Collected data entries
*** Begin section ***
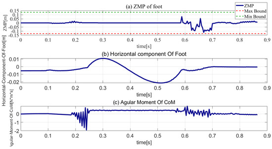 The response ZMP is illustrated in Figure 9a, the green, red, and blue plots are the upper and lower bounds of the support polygon and the ZMP plot, respectively. As can be seen, the ZMP response was always within the support polygon. Hence, it can be concluded that the robot was stable in the stance phase. Figure 9b shows the plot of the foot’s horizontal component. As can be seen, in the stance phase, the sliding of the robot’s foot was less than 0.5 cm. With regard to the touchdown impact, the movement of the foot in the horizontal component is almost negligible. Figure 9c shows that the angular momentum in the stance phase had a relatively small range, the maximum angular momentum did not exceed 2 N⋅m⋅s, and the angular momentum in the flight phase was less than 0.5 N⋅m⋅s. Therefore, it is concluded that fall and foot slippage prevention were successfully added to the constraints of the optimization problem, and the penalty function of the angular momentum was added to the cost function constraint’s angular momentum within a small range.
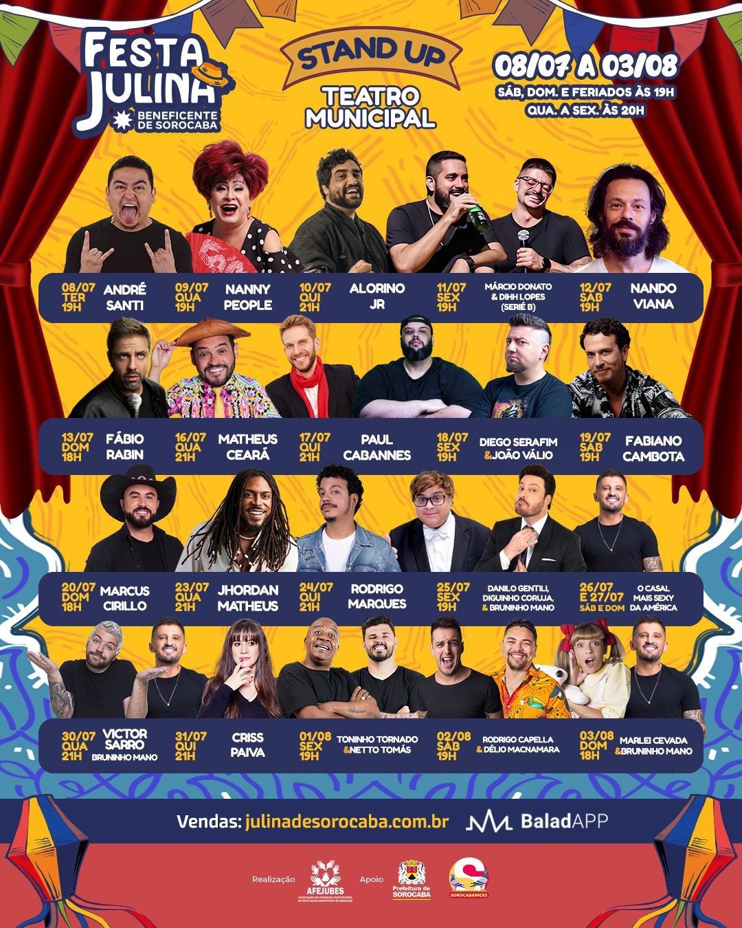A organização da 44ª Festa Julina Beneficente de Sorocaba – Arraiá da Família – divulgou os shows de comédia que serão realizados dentro do evento, no Teatro Municipal Teotônio Vilela, durante a edição deste ano. Entre os destaques estão Nany People, Danilo Gentili, Matheus Ceará, Paul Cabanes e, pela primeira vez, uma peça de teatro: “O Casal Mais Sexy da América”, com a atriz Vera Fischer.
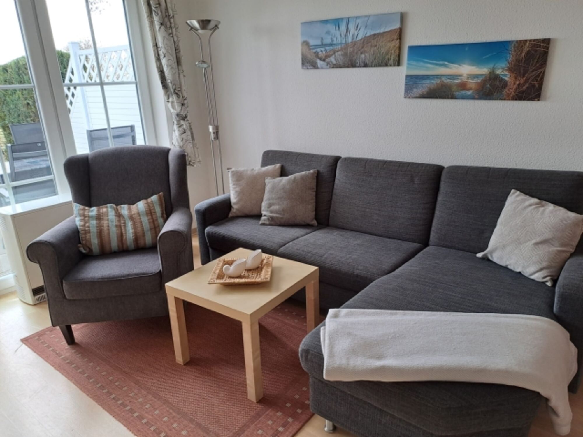 Sonniges Ferien-Reihenhaus mit 60 qm Wohnfläche und ca. 12 qm vollmöbilierter Terrasse mit Grill und Garten mit Sonnenliegen. Das Ferienhaus verfügt im Erdgeschoss über eine offene Küche, Essplatz, Wohnzimmerüber und eine Abstellkammer. Im Obergeschoss befindet sich ein Schlafzimmer mit Doppelbett (Hier gibt es die Möglichkeit ein Kinder-Reisebett zuzustellen) und ein Schlafzimmer mit 2 Einzelbetten, sowie das Duschbad.
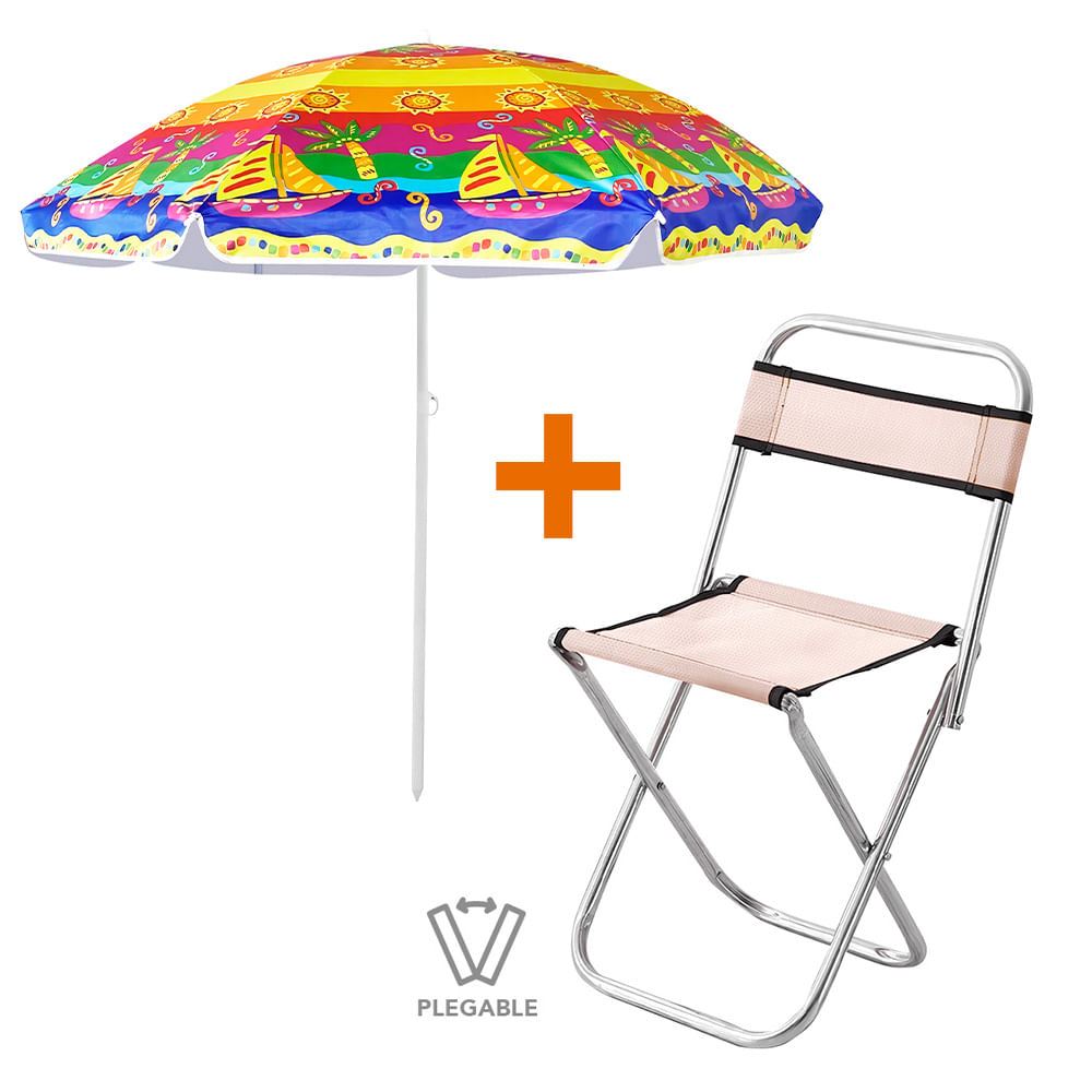 Sombrilla de Playa Grande Barco Y83 Y Silla Plegable 2en1 CR JD3
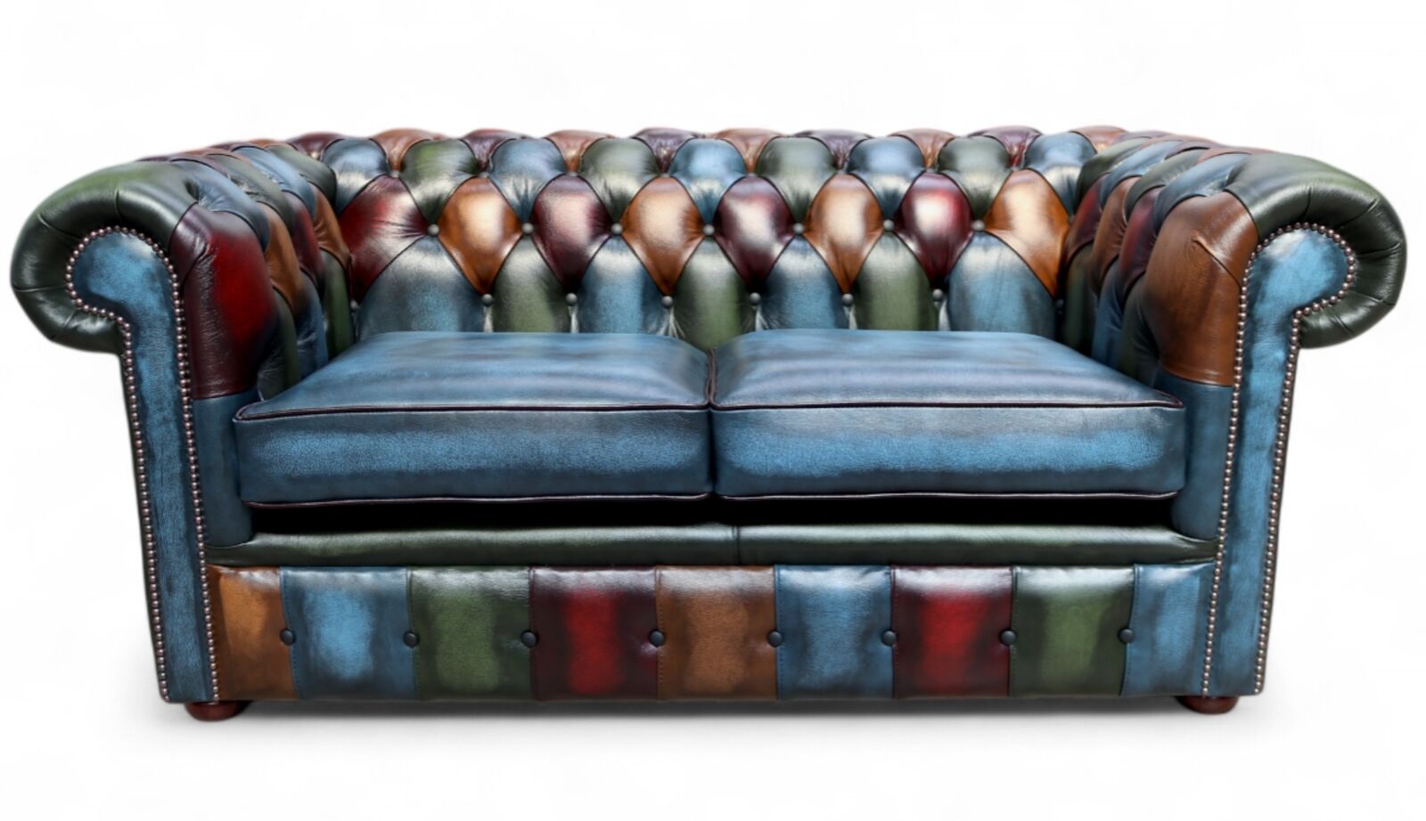 We love sophisticated living, and think that this Chesterfield Patchwork 2 Seater Settee Antique Blue Real Leather Sofa really hits the mark!
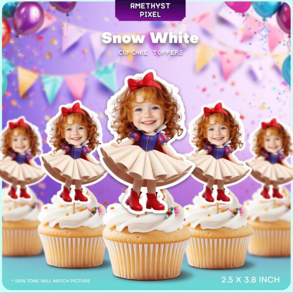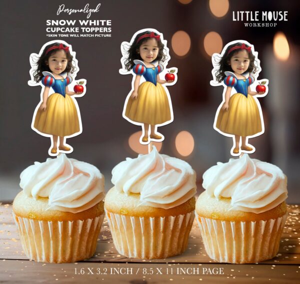 Custom Photo Snow White Princess Cupcake Toppers for Enchanted Toddler Birthday Celebrations
*** End section ***
WHAT YOU WILL DO
Your output should be the full set of entries above, restated word for word and free of pictures.

ANSWER SPACE
 The response ZMP is illustrated in Figure 9a, the green, red, and blue plots are the upper and lower bounds of the support polygon and the ZMP plot, respectively. As can be seen, the ZMP response was always within the support polygon. Hence, it can be concluded that the robot was stable in the stance phase. Figure 9b shows the plot of the foot’s horizontal component. As can be seen, in the stance phase, the sliding of the robot’s foot was less than 0.5 cm. With regard to the touchdown impact, the movement of the foot in the horizontal component is almost negligible. Figure 9c shows that the angular momentum in the stance phase had a relatively small range, the maximum angular momentum did not exceed 2 N⋅m⋅s, and the angular momentum in the flight phase was less than 0.5 N⋅m⋅s. Therefore, it is concluded that fall and foot slippage prevention were successfully added to the constraints of the optimization problem, and the penalty function of the angular momentum was added to the cost function constraint’s angular momentum within a small range.
A organização da 44ª Festa Julina Beneficente de Sorocaba – Arraiá da Família – divulgou os shows de comédia que serão realizados dentro do evento, no Teatro Municipal Teotônio Vilela, durante a edição deste ano. Entre os destaques estão Nany People, Danilo Gentili, Matheus Ceará, Paul Cabanes e, pela primeira vez, uma peça de teatro: “O Casal Mais Sexy da América”, com a atriz Vera Fischer.
 Sonniges Ferien-Reihenhaus mit 60 qm Wohnfläche und ca. 12 qm vollmöbilierter Terrasse mit Grill und Garten mit Sonnenliegen. Das Ferienhaus verfügt im Erdgeschoss über eine offene Küche, Essplatz, Wohnzimmerüber und eine Abstellkammer. Im Obergeschoss befindet sich ein Schlafzimmer mit Doppelbett (Hier gibt es die Möglichkeit ein Kinder-Reisebett zuzustellen) und ein Schlafzimmer mit 2 Einzelbetten, sowie das Duschbad.
 Sombrilla de Playa Grande Barco Y83 Y Silla Plegable 2en1 CR JD3
 We love sophisticated living, and think that this Chesterfield Patchwork 2 Seater Settee Antique Blue Real Leather Sofa really hits the mark!
 Custom Photo Snow White Princess Cupcake Toppers for Enchanted Toddler Birthday Celebrations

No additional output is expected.